El primer ministro británico frena las peticiones de desconfinamiento, mientras el Reino Unido sufre los peores estragos de la enfermedad

Rafa de Miguel
Boris Johnson observa los dibujos enviados por los niños durante su estancia en un hospital a causa del coronavirus.
Boris Johnson observa los dibujos enviados por los niños durante su estancia en un hospital a causa del coronavirus.ANDREW PARSONS (EPA/EFE/ DOWNING STREET)

“Háblame, musa, de aquel varón ingenioso que anduvo errante largo tiempo...” Boris Johnson (55 años), es capaz de declamar en griego clásico, apoyado por su prodigiosa memoria, los hexámetros iniciales de la Odisea de Homero. El héroe Ulises ha sido la inspiración de un político que no dudó en torcer la realidad para lograr su particular victoria en Troya, la conquista del Brexit. Como explicaba a EL PAÍS Paul Goodman, director del portal ConservativeHome y excompañero de redacción del primer ministro británico, en su pasado como periodista incendiario, “se ve a sí mismo como un dios clásico, por encima de las obligaciones terrenales impuestas al resto de los mortales”.

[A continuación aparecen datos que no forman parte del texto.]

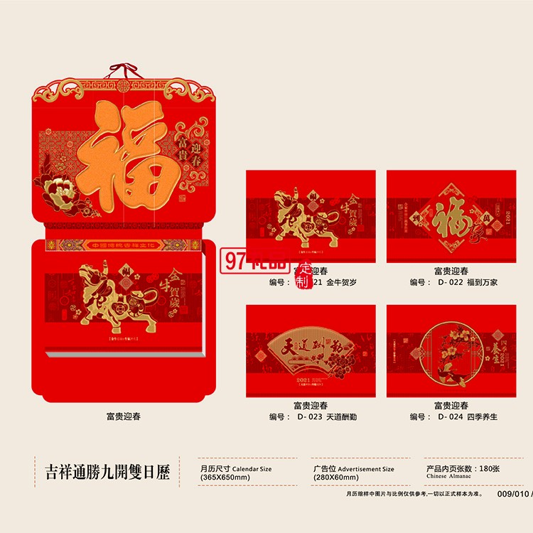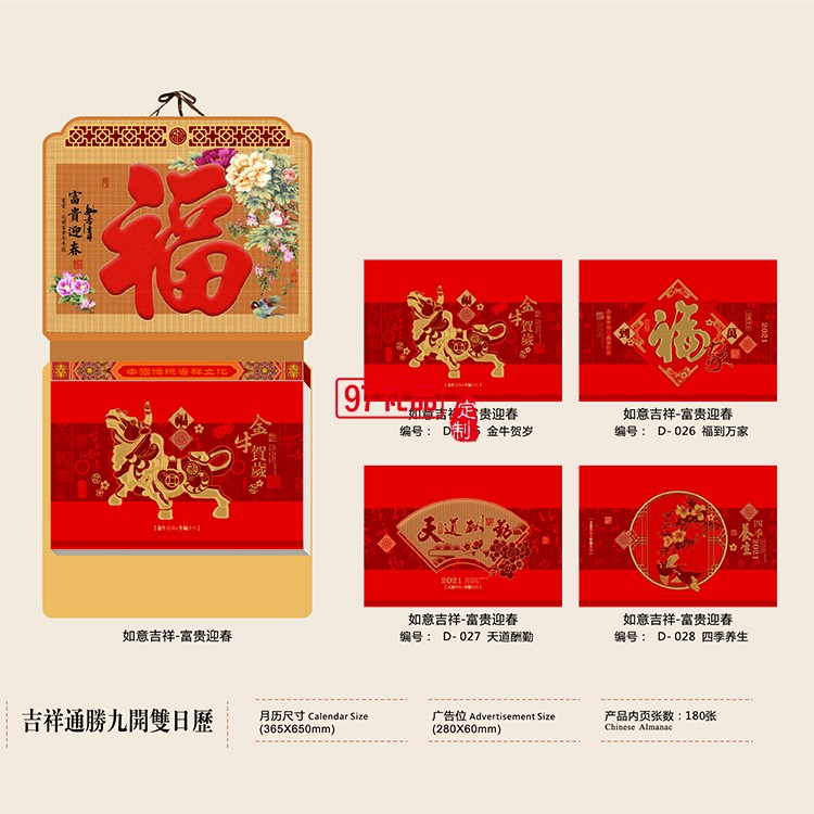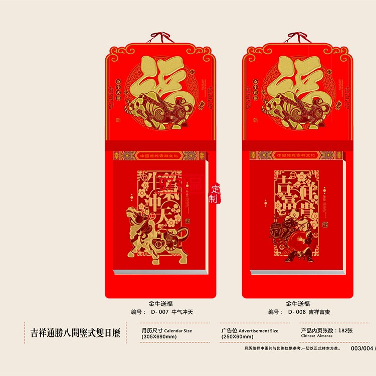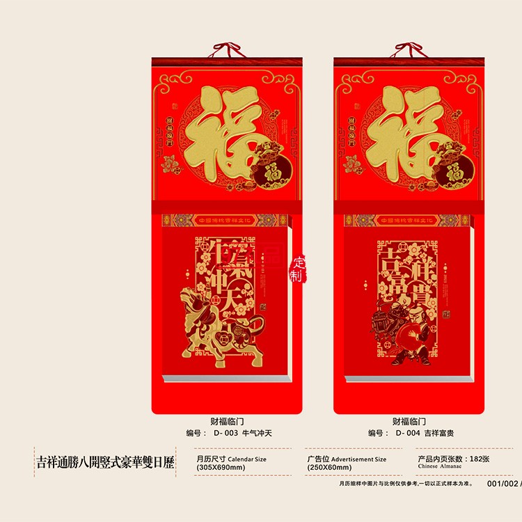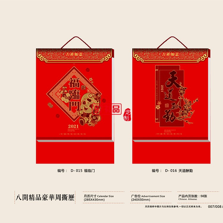 掛歷日歷公司保險(xiǎn)禮品日歷月歷大號(hào)福字萬年歷廣告禮品定制
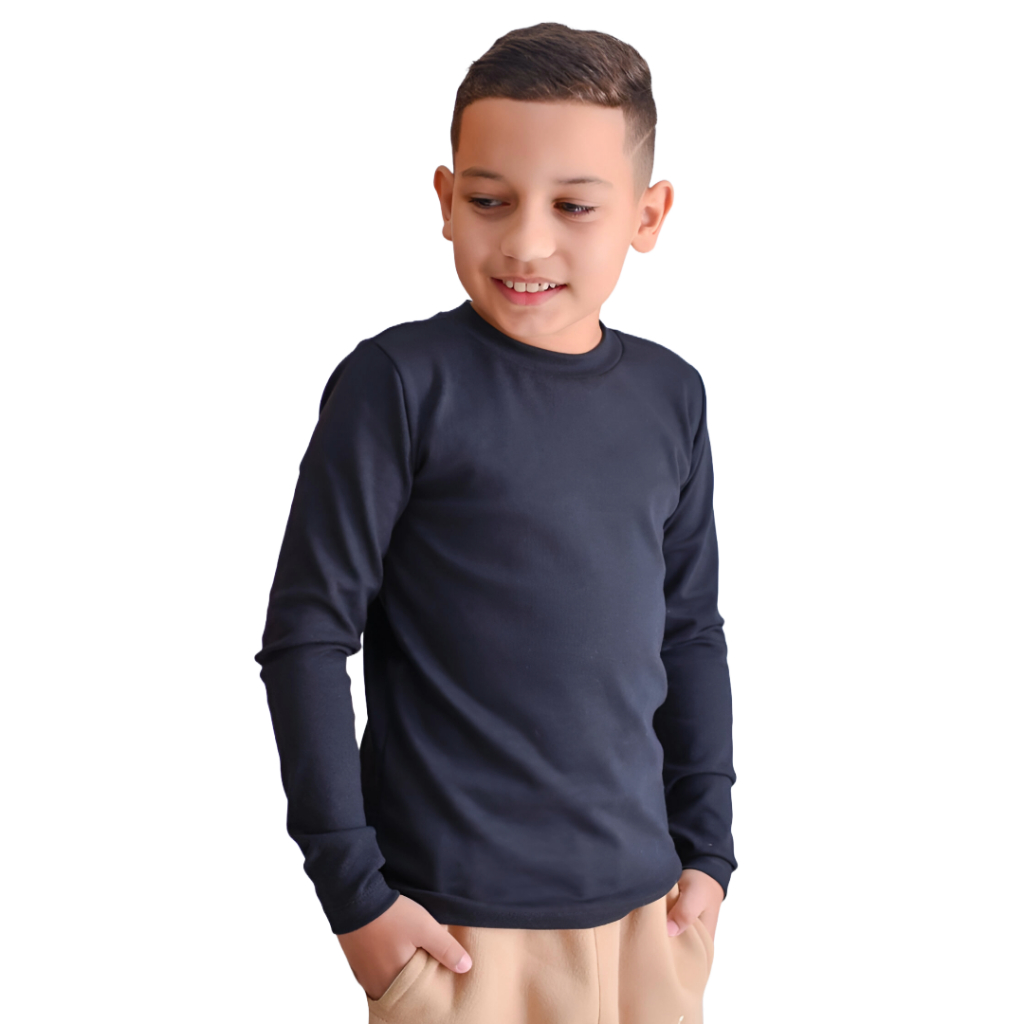 Kit 4 Camisetas Manga Longa Infantil Menino Básica Lisa Tamanho 2 ao 12, Camisa Inverno 100% algodão

Pero la pandemia del coronavirus le ha dejado claro, con el ingreso precipitado en la UCI víctima de la enfermedad, su propia cualidad de mortal. Y el regreso a Ítaca, donde le esperan su prometida Carrie Symonds (32 años) y el bebé que nació el pasado miércoles, quien llevará el nombre de Wilfred, va a tener que esperar. El Reino Unido lleva camino de ser el país europeo con más fallecidos por la covid-19 (este sábado la cifra se elevó a 28.131) y para los retos e incertidumbres que hay por delante no sirven la astucia, la osadía o la retórica, sino el rigor, la seriedad y la constancia. Precisamente las virtudes que, en las breves ocasiones en que Johnson las practica, se convierten en titular de prensa por su excepcionalidad. “Ya hemos pasado el pico de los contagios. Es como si hubiéramos atravesado un largo túnel alpino y ya empezáramos a divisar la luz del sol y la tierra de pasto”, anunciaba Johnson el pasado jueves, en su primera rueda de prensa después de tres semanas de aislamiento y convalecencia. “Bullshit (Puta mentira)”, clamó el periodista Piers Morgan, en las páginas del tabloide Daily Mail, después de ironizar con la idea de que el primer ministro había entrado “en modo Julie Andrews” (la meliflua protagonista de la película Sonrisas y Lágrimas). “Este virus no es como el Brexit. No es una ideología política que pueda ser sometida a debate, o una batalla que se pueda ganar con bufonadas, fanfarronadas o frases que imitan a [Winston] Churchill", sentenciaba el polémico pero influyente presentador de Good Morning Britain, con una agresividad excesiva incluso en quien ha hecho un arte de la provocación y la polémica.

En un mundo en el que la agilidad y rapidez de las redes sociales desactivan en pocos minutos cualquier truco, ya no basta el vino para emborrachar al cíclope Polifemo. El ministro de Sanidad, Matt Hancock, proclamó triunfalmente el viernes que había alcanzado e incluso superado el objetivo de realizar 100.000 test diarios a finales de abril. En concreto, 122.000 aseguró que se habían llevado a cabo en el último día del plazo impuesto. Antes de que concluyera la rueda de prensa quedó claro que decenas de miles de esas pruebas se habían simplemente enviado a los hogares que las solicitaron, y todavía no habían regresado al laboratorio para obtener resultado.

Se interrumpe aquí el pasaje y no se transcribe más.